Pitfalls of series pass transistor over linear regulator?

Thread Starter

johndeaton

Joined Sep 23, 2015
63
Hi all-

One of the engineers at my work is suggesting changing from a LDO to a series pass transistor for voltage regulation as a cost reduction. What are some pitfalls to doing this other than the obvious ones such as less accurate, no short circuit protection, no thermal protection, etc.

Thanks
 

ian field

Joined Oct 27, 2012
6,536
Hi all-

One of the engineers at my work is suggesting changing from a LDO to a series pass transistor for voltage regulation as a cost reduction. What are some pitfalls to doing this other than the obvious ones such as less accurate, no short circuit protection, no thermal protection, etc.

Thanks
Your linear regulator *CONTAINS* a series pass transistor. NPN emitter follower in a standard positive regulator, LDO uses a PNP with its collector feeding the load - this configuration eliminates the Vbe overhead.
 

Thread Starter

johndeaton

Joined Sep 23, 2015
63
Hi Ian,

Thanks for your reply. Yes, I understand that the LDO contains a series pass transistor. I guess my question is really why not always use only a transistor which is cheaper than a packaged LDO.

Thanks
 

ian field

Joined Oct 27, 2012
6,536
Hi Ian,

Thanks for your reply. Yes, I understand that the LDO contains a series pass transistor. I guess my question is really why not always use only a transistor which is cheaper than a packaged LDO.

Thanks
Its not cheaper after you add all the other components. Less solder joints = less man hours and less connections to fail.

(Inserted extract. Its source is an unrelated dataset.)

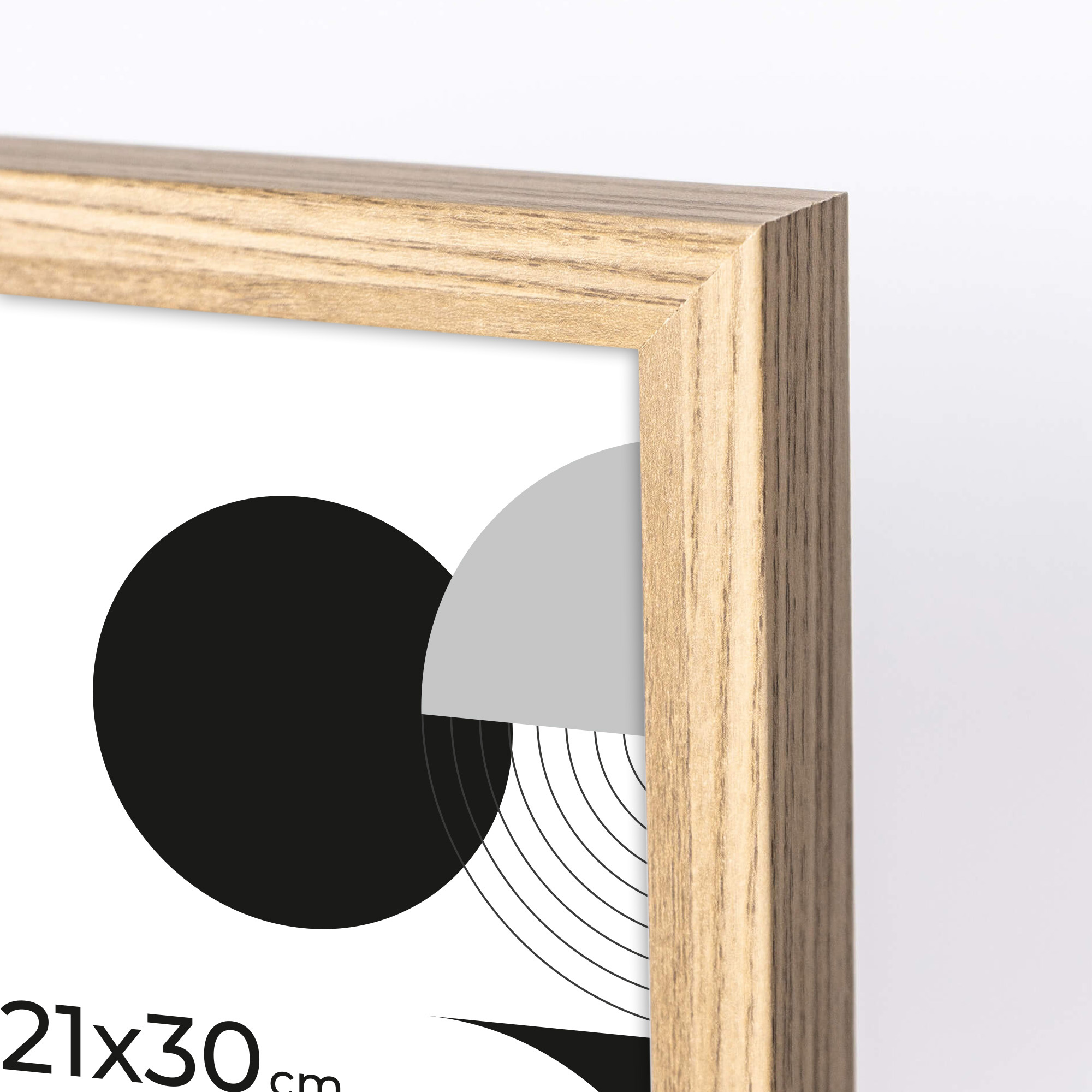 Ramka precyzyjnie wykonana w kolorze dębowym. Modna stylistyka i delikatna rama o szerokości 13 mm i wysokości 20 mm przykuje uwagę i pozwoli zaakcentować oprawione zdjęcie, plakat lub dyplom.

The 3-terminal variety all include current limiting and thermal shutdown.
 

crutschow

Joined Mar 14, 2008
34,432
It takes added circuitry to control the series pass transistor.
How can the sum of those additional parts, plus assembly cost, be cheaper than using an LDO?

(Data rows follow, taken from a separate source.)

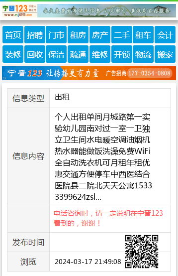 个人出租单间月城路第一实验幼儿园南对过一室一卫独立卫生间水电暖空调油烟机热水器能做饭洗澡免费WiFi全自动洗衣机可月租年租优惠交通方便停车中西医结合医院县二院北天天公寓15333399624zsl 【电话咨询时,请一定说明在宁晋123看到的,谢谢!】 |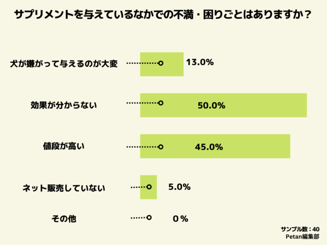 犬にサプリメントを与えている飼い主さんに「サプリメントを与えているなかでの不満・困りごと」を聞いたところ、「犬が嫌がって与えるのが大変」と回答した人は13.0%(5人/40人)のみでした。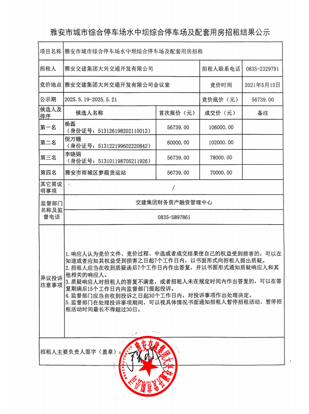 雅安市城市綜合停車場水中壩綜合停車場及配套用房招租結(jié)果公示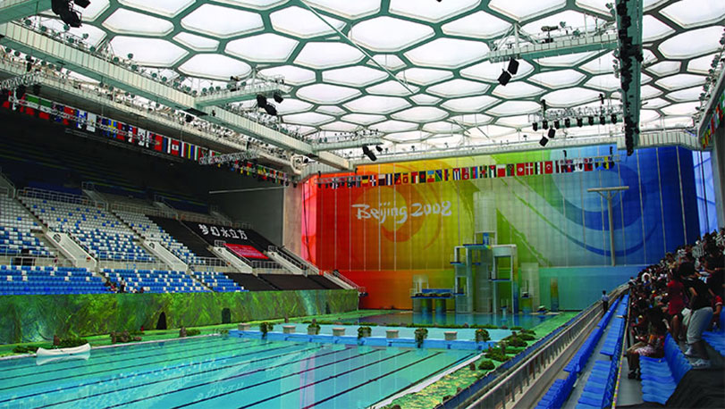國家游泳中心位于北京奧林匹克公園內(nèi),2008年北京奧運(yùn)會(huì)標(biāo)志性建筑物之一。2007年建設(shè),設(shè)計(jì)體現(xiàn)出“水立方”的設(shè)計(jì)理念,融建筑設(shè)計(jì)與結(jié)構(gòu)設(shè)計(jì)于一體,設(shè)計(jì)新穎,結(jié)構(gòu)獨(dú)特。
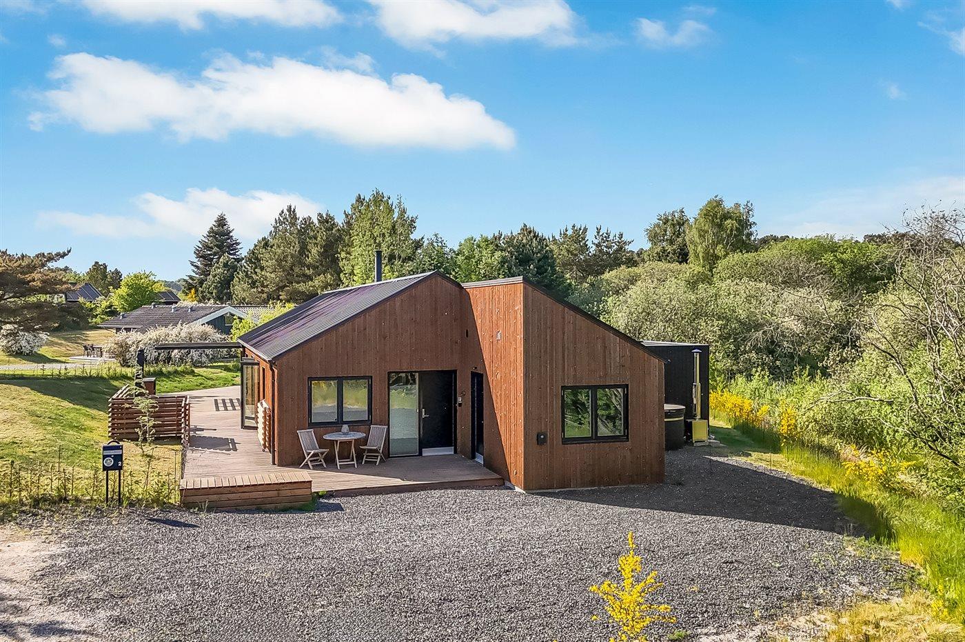 Nybygget sommerhus ved Handrup Strand med sauna, vildmarksbad og aktivitetsrum til familien.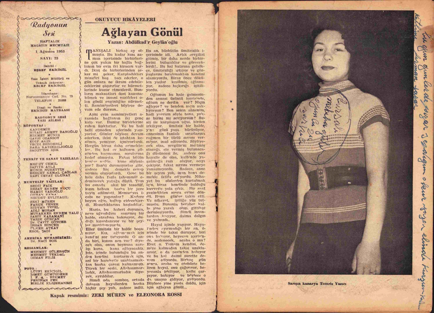 Radyonun Sesi dergisi, 1953, kapak Zeki Müren - Eleonora Rossi, sırtı haliyle, 50 sayfa, 16x24 cm
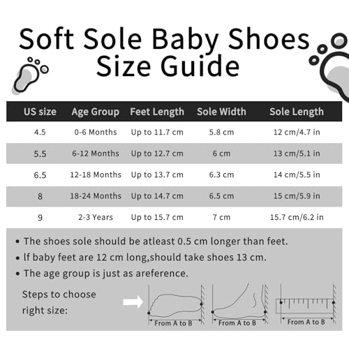 👣【Size attention】As baby feet are very soft, they are growing very fast, and need some room to grow naturally, it's better to choose a little bigger than exact size. And please choose the size by the sole length, not the age.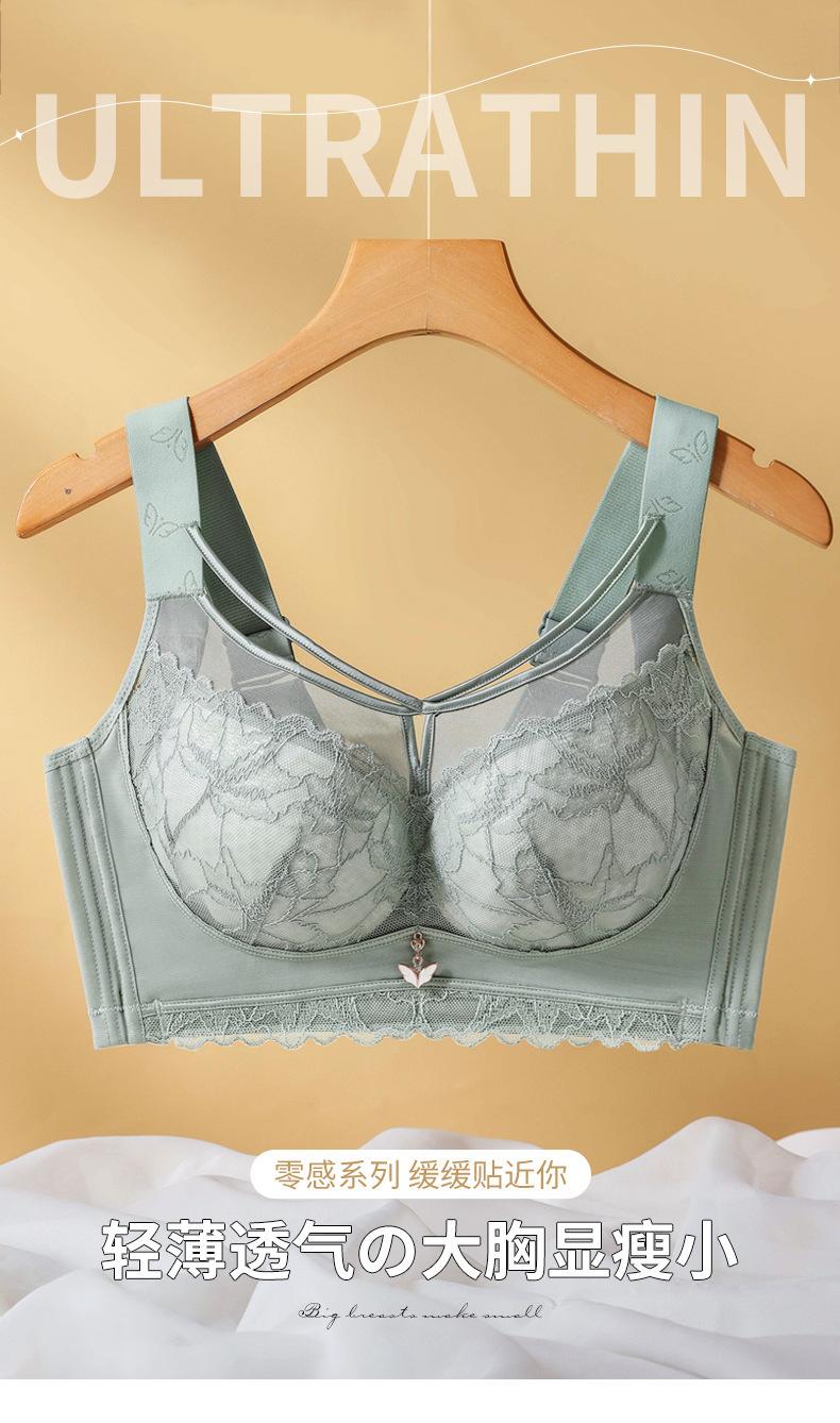 Nuevo sujetador de encaje ajustable de copa completa, sin aros de acero, de talla grande, para mujer, con fruncido pequeño y pecho grande

I think that "engineer" doesn't know what he's talking about.
He sounds more like a bean-counting manager than an engineer. :rolleyes:
 

ian field

Joined Oct 27, 2012
6,536
It takes added circuitry to control the series pass transistor.
How can the sum of those additional parts, plus assembly cost, be cheaper than using an LDO?

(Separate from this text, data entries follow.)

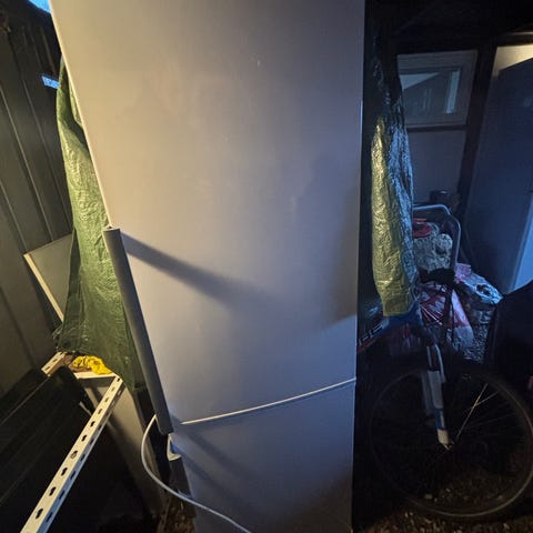 Køl/fryseskab Blomberg Hvid lavenergi med glas hylder i køleskabet og 3 skuffer i fryseren højde 152cm bredde 54cm dybde 57cm pæn og velholdt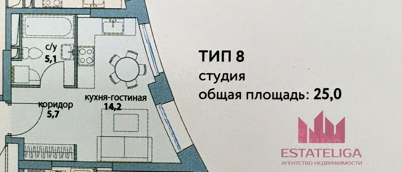 Id 61138. Студия 25 м² в ЖК "Символ", квартал "Вдохновение", корпус 28.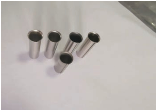 采用传统的刚性模具旋压或挤压的方法将不可避免地破坏已涂敷好的润滑涂层。本文采用电磁脉冲技术完成翻边工艺,由于没有模具与工件接触,因此不存在划伤和磨损。电磁脉冲成形技术是利用电磁力来成形工件,而不是机械力。与传统冲压工艺相比,电磁脉冲成形具有众多的明显优势,比如能显著增加材料的成形极限,减小回弹和抑制起皱等。本文分析不同电磁力对变形的影响,并试制专用模具和夹具开展物理试验,成功制备了如图3 所示的样品,产品外观质量和尺寸精度满足要求。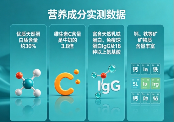 实测优质天然蛋白质含量约30%,维生素C含量是牛奶的3.8倍,富含天然乳铁蛋白、免疫球蛋白IgG及18种以上氨基酸,钙、铁等矿物质含量丰富。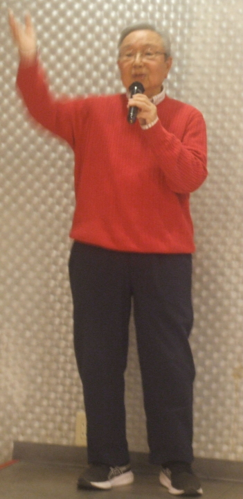 詩吟で鍛えた声量で唱歌から選曲はいずれも歌唱力のある伊藤久男、藤山一郎、五木ひろし、ちあきなおみなどの代表曲です。例会の冒頭で、素敵な吟詠を聞かせてくれました。。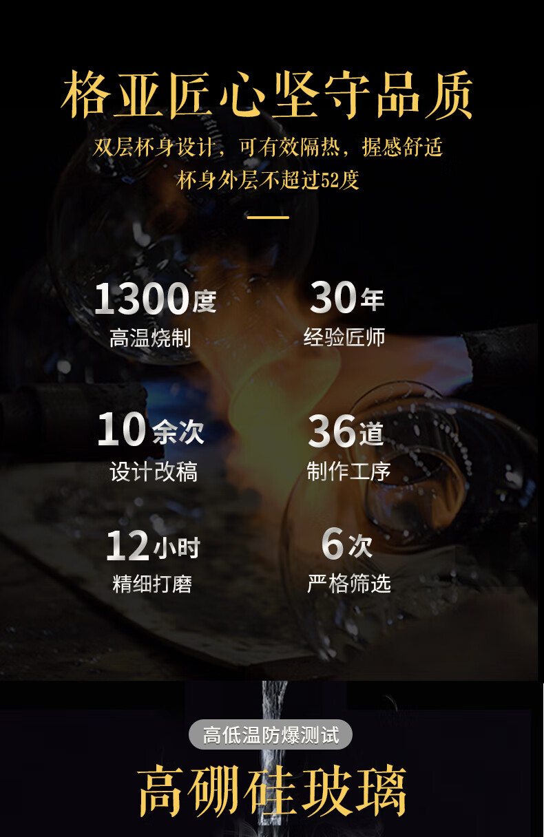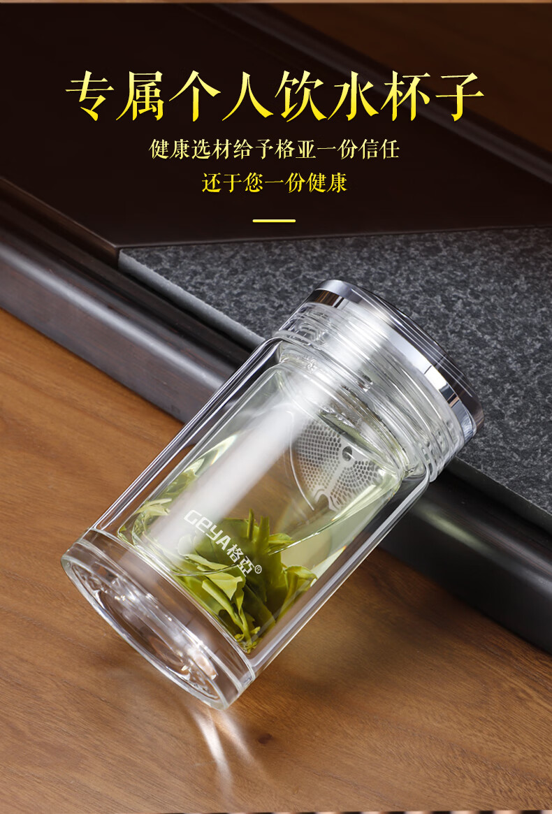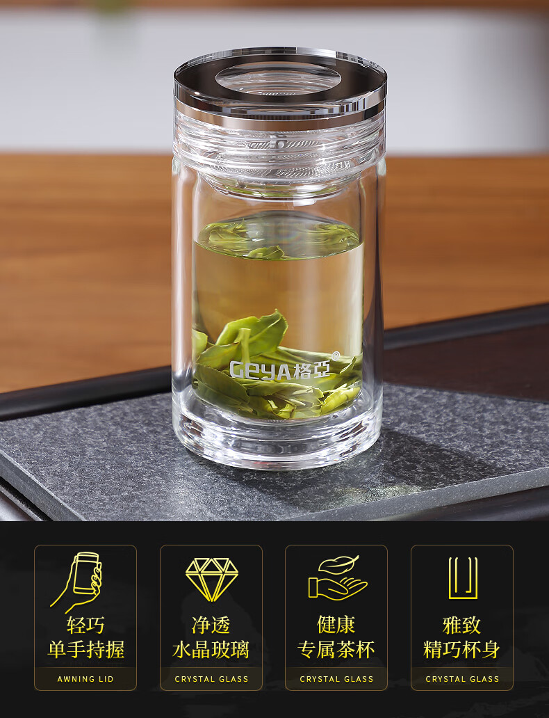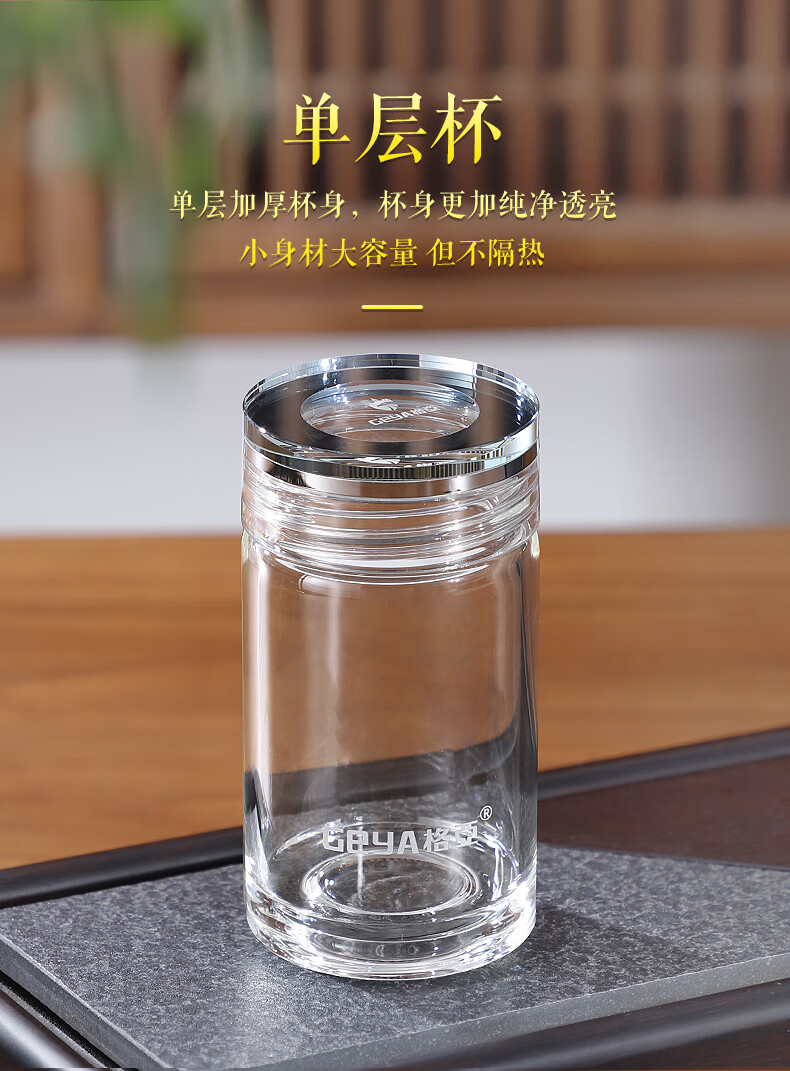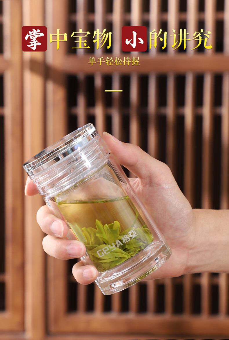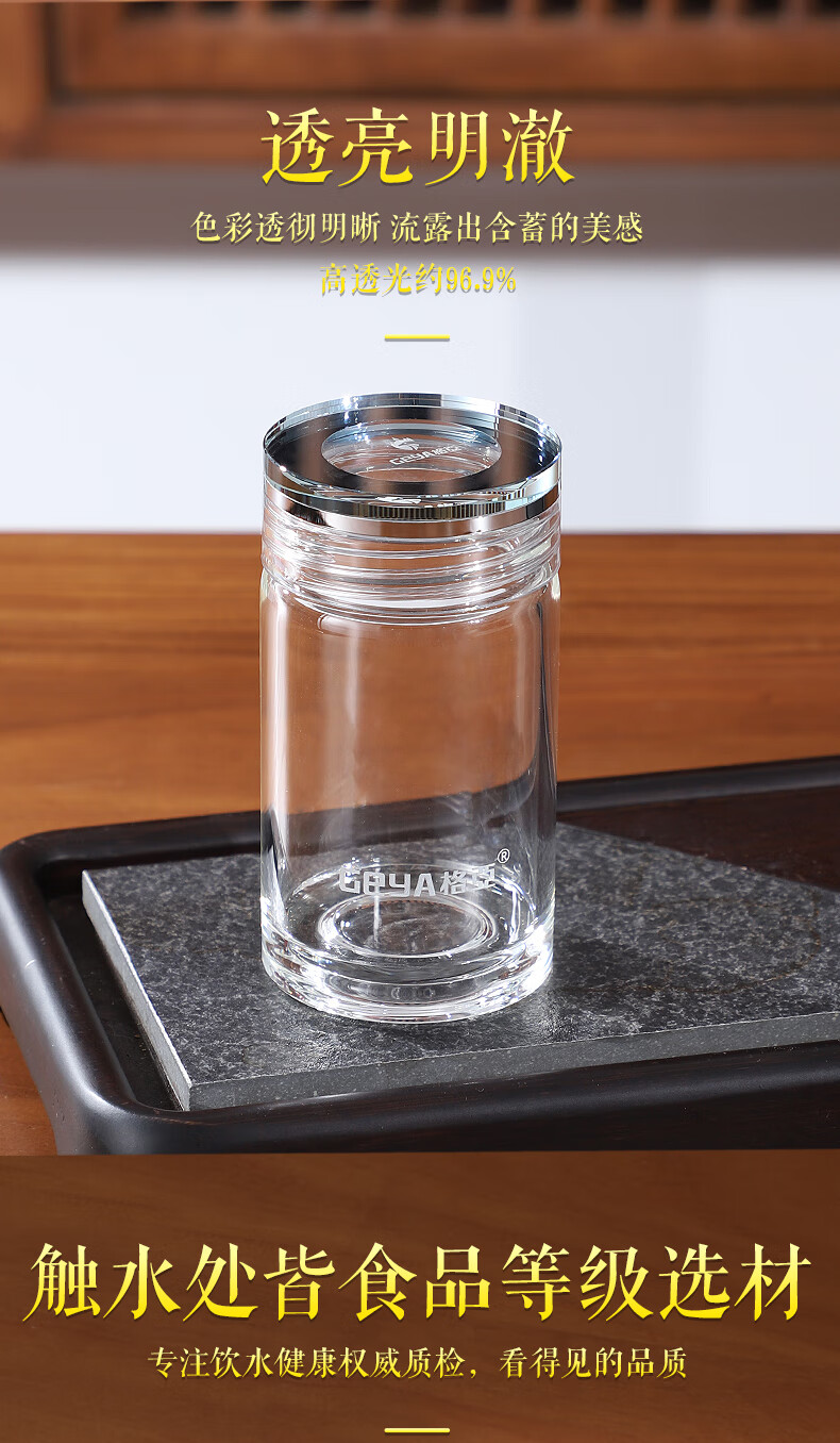 格亚(GEYA)玲珑迷你玻璃杯茶杯高端玻璃男女小水杯子矮胖加厚养生杯便携茶杯 双层【礼盒装】180ml

I think that "engineer" doesn't know what he's talking about.
He sounds more like a bean-counting manager than an engineer. :rolleyes:
There can be good reasons for using discretes - but I'd have to think about it...............
 

Thread Starter

johndeaton

Joined Sep 23, 2015
63
It takes added circuitry to control the series pass transistor.
How can the sum of those additional parts, plus assembly cost, be cheaper than using an LDO?
Actually, the NPN transistor and zener diode are cheaper than the LDO (by pennies, of course). To your point, assembly may add some cost, but they only focus on BOM cost.
 

crutschow

Joined Mar 14, 2008
34,432
.... the NPN transistor and zener diode are cheaper than the LDO (by pennies, of course).
It also requires at least one resistor.
And that circuit will have much poorer regulation and voltage output accuracy.
But if pennies are important and the poorer performance of the zener-transistor circuit is tolerable, and there's no possibility of accidentally shorting its output, then you may have no choice but to bow to the bean counters. :rolleyes:
 

ian field

Joined Oct 27, 2012
6,536
It also requires at least one resistor.
And that circuit will have much poorer regulation and voltage output accuracy.
But if pennies are important and the poorer performance of the zener-transistor circuit is tolerable, and there's no possibility of accidentally shorting its output, then you may have no choice but to bow to the bean counters. :rolleyes:
Every once in a while you find a chip that's cheaper than the minimalist discrete solution.

Its more luck than anything - but there's a few out there.